When this occurs, both parties will generally submit proposed parenting plans, and the court, in weighing the best interests of the child, may adopt a plan which intends to maximize parenting time for both parties. In cases where there are significant or substantial risks to the safety of a child, the court may award sole legal-decision making rights to the parent, regardless of gender, who acts in good faith to protect the child from witnessing or experiencing any risk of harm.

Arizona custody agreements

Even if sole legal decision-making is granted in favor of one parent, Arizona Revised Statute § 25-403.01 dictates that “a parent who is not granted sole or joint legal decision-making is entitled to reasonable parenting time to ensure that the minor child has substantial, frequent, meaningful and continuing contact with the parent unless the court finds, after a hearing, that parenting time would endanger the child’s physical, mental, moral or emotional health.”
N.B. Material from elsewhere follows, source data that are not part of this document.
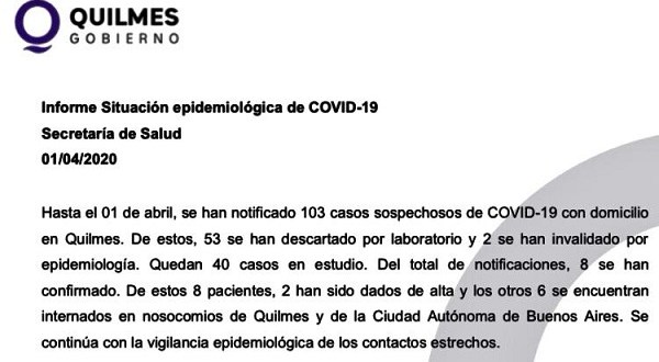 Hasta hoy, son 8 los casos de coronavirus confirmados en Quilmes de los cuáles 2 fueron dados de alta.
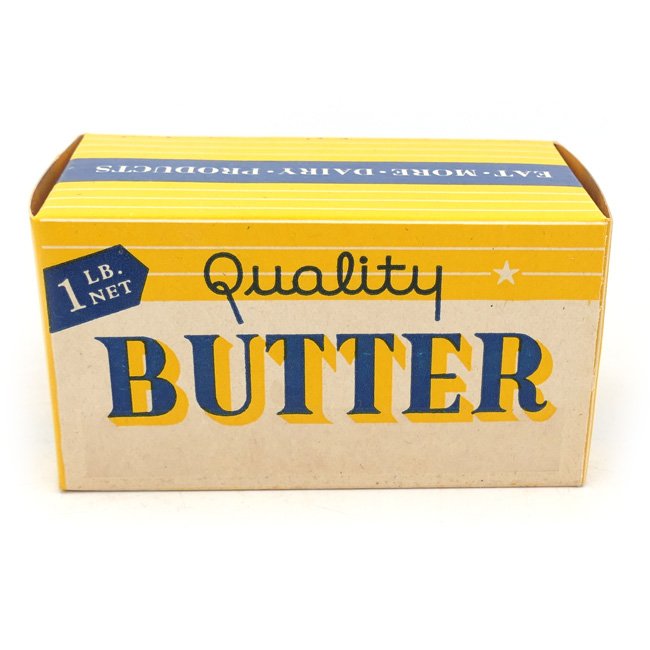 World War 2 period carton US 'Butter' Ration Package. The carton box would contain one pound of butter. The carton package has been prodcued by the 'Sutherland Paper Co.' from Kalamazoo, Mich. and is marked with a 1940 dated Copyright. The waxed paper carton box is sized approximately 12,5 x 7 x 7 cms. This would be a great item to add to a US diorama or personal display. Nice and hard to find original wartime food ration package!
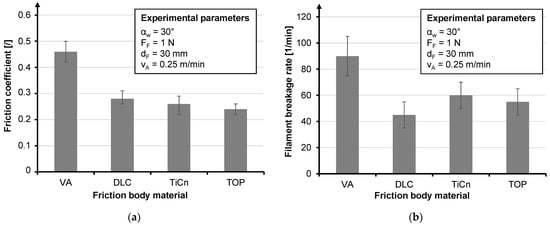 An excerpt from the tests, which shows the most concise results, is given. Due to the high braid ring position, a wrap angle (αW) of 30° is assumed for all tests. Since the data set is an extract from a larger data set, it should be noted for the sake of comparability that the values for the filament breakage rate refer to a haul-off speed of 1.25 m/min which represents an industrial production speed. The influence of base materials is investigated by using stainless steel, which is coated with diamond-like carbon (DLC) and titanium carbonitride (TiCN) of CeWOTec GmbH, Chemnitz, Germany and Topocrom No. 131 (TOP) of Topocrom GmbH, Stockach, Germany. The DLC layer causes the lowest filament breakage rate of all friction bodies (Figure 12b), but its coefficient of friction was not the lowest (Figure 12a).

As you can see, the statutes regarding custody never refer to “mothers” or “fathers,” valuing one gender over another, but only to “parents.” In our experience, family courts generally do not show gender bias in their decision-making process, but rather encourage parents to consider what is in the best interests of the child. As a result, we encourage dads to attempt to achieve a maximized custody agreement; and avoid giving up a claim to parenting time and legal decision-making rights on the basis that Arizona is a “Mother’s State.”